Everything is Communication
I work as an engineer for a telecommunications company. It's amazing how much time and resources we put into communicating with one another. Phone calls, text messages, email, and that's just the latest inventions in our long history of communication. What I've been trying to learn about recently are other means of communication. That might mean better PowerPoint presentations, or not using PowerPoint because there's something better to use. What I want to be able to do is to reach people wherever they're at, and that means being visual for the visually oriented, technicial for the technically oriented, high-level for the folks who don't want to get bogged down in details, and into the nitty-gritty for people who are focused on details. The other side of the coin is getting people what they need. Win-win isn't just a trite idea, it's a philosophy that should be at the core of what we do. Our interactions should have positive outcomes which encourage others to interact with us more.
So I'm focusing on my communications throughout the day with everyone. Communication at work, at home, it's all important for me. I hope to always bring about the most positive outcome for every situation I'm in.
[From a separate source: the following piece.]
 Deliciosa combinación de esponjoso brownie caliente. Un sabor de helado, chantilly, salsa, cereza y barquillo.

And to do that, I'm considering everything I do to be communication. How well I do a job communicates how seriously I take it. How much time I spend with a person communicates how important they are to me. I don't expect to be able to communicate perfectly, but with this focus, I hope to improve to the best of my ability.
Comments
Everything is communciation, even when you are sitting there silently. Try spending the day not talking and people will think there is something wrong with you. If your wife doesn't talk to you it's obvious that she is trying to communicate something.
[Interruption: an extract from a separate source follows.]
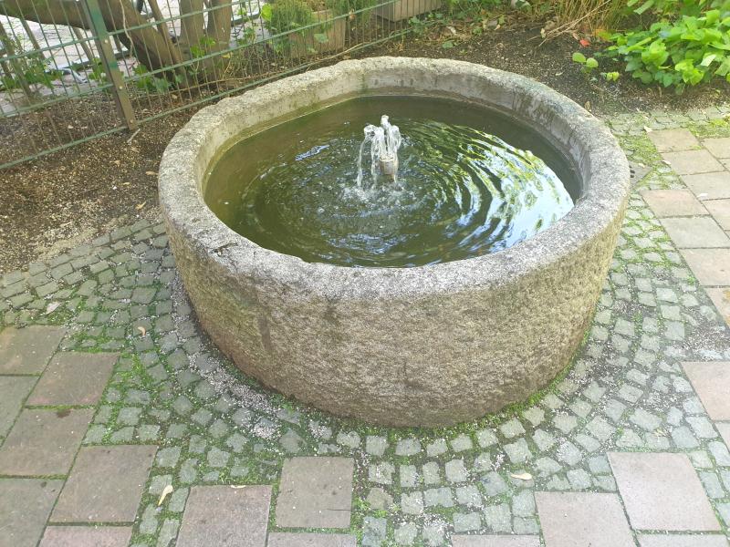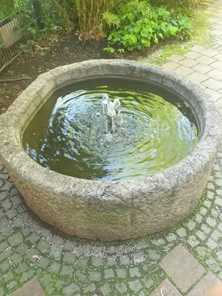 kleine, steinerne Rundbrunnen befindet sich in einem Hof in der Adalbertstraße

I love the philosophy that says, "the result you are getting is the real message of your communication". We have a lot of technology available, but the technology is only a tool. The whole purpose is the meaning of the message. What are we achieving the result we want? So many times people simply feel the need to fill up the silence and simply send a lot of noise with no real thought as to what message is being communicated.
Taking charge of your comunication you are receiving is a great idea, and project. I wish you luck.
Steve Chambers Sales Training Blog
Steve Chambers
I couldn't agree with you more.
And Steve, well put. All of our communication tools can sometimes really get in the WAY of genuine communication. interestingly enough today 2 of the text messages I got were some of the best, warmest, and most genuine communications I had. So, it IS possible.
Indeed, with my clients, I ask them about, what is your online profile communicating about you? is it drawing people to you for dates? Are you getting out as often as you really want and need to create the relationships you want. Are the people who are getting dates with the sort you'd want to consider a relationship with? Or do you need to rethink what you are communicating?
Cheers!
April Braswell Online Dating, Online Personals, Romantic Relationships Blog
April Braswell, Online Dating, Relationship Coach Blogspot
Steve,
Absolutely, the impact of our communication is supremely important. We can get bogged down in social convention where the "noise" generated from social conventions overtakes any real signal. In Games People Play, there's an idea that people have these little rituals in order to have basic social needs fulfilled. So we say hi to one another, talk about the weather, etc. It's a way of getting a little closer to people, but not too close, because we feel threatened when that happens. I certainly don't think that's going to get overthrown. But I need to be able to be close to people when it counts, to build relationships that matter, and strengthen the relationships that I have. I want to do more than just fill the silence, like you said.
Thanks for the support!
Aaron
www.aaronagostini.net
April,
I think you're in an interesting position. You work with people who are looking for serious relationships. So they would want to honest about who they are and what they're looking for. On the same token, there can be a tendency to exaggerate (or in the online world outright lie). How do you deal with someone who might not feel comfortable enough with who they are to put themselves out there? I think you had mentioned elsewhere that people's biggest fear is being rejected. Can they be encouraged to be honest and courageous in seeking a partner? Both my wife and I feel that we met each other when we were ready, and I think accepting who you are is part of that readiness.
Aaron
Excellent article Aaron! It's such a pleasure to see that there are people in the world who believe in the 'win/win' situation, like yourself. There is so much that leans the other way that we are influenced by in the media. I am particularly fond of this line:
"Our interactions should have positive outcomes which encourage others to interact with us more. "
As a lifestyle empowerment mentor, this is close to my heart. Keep up the good work!
Sue
Thanks for stopping by and giving me such kind thoughts! I think I'll be blogging a lot about what win/win really means, because I think it's the type of thing people don't value very highly. It's a very useful prism to view our actions through.
What type of mentorship do your provide Sue?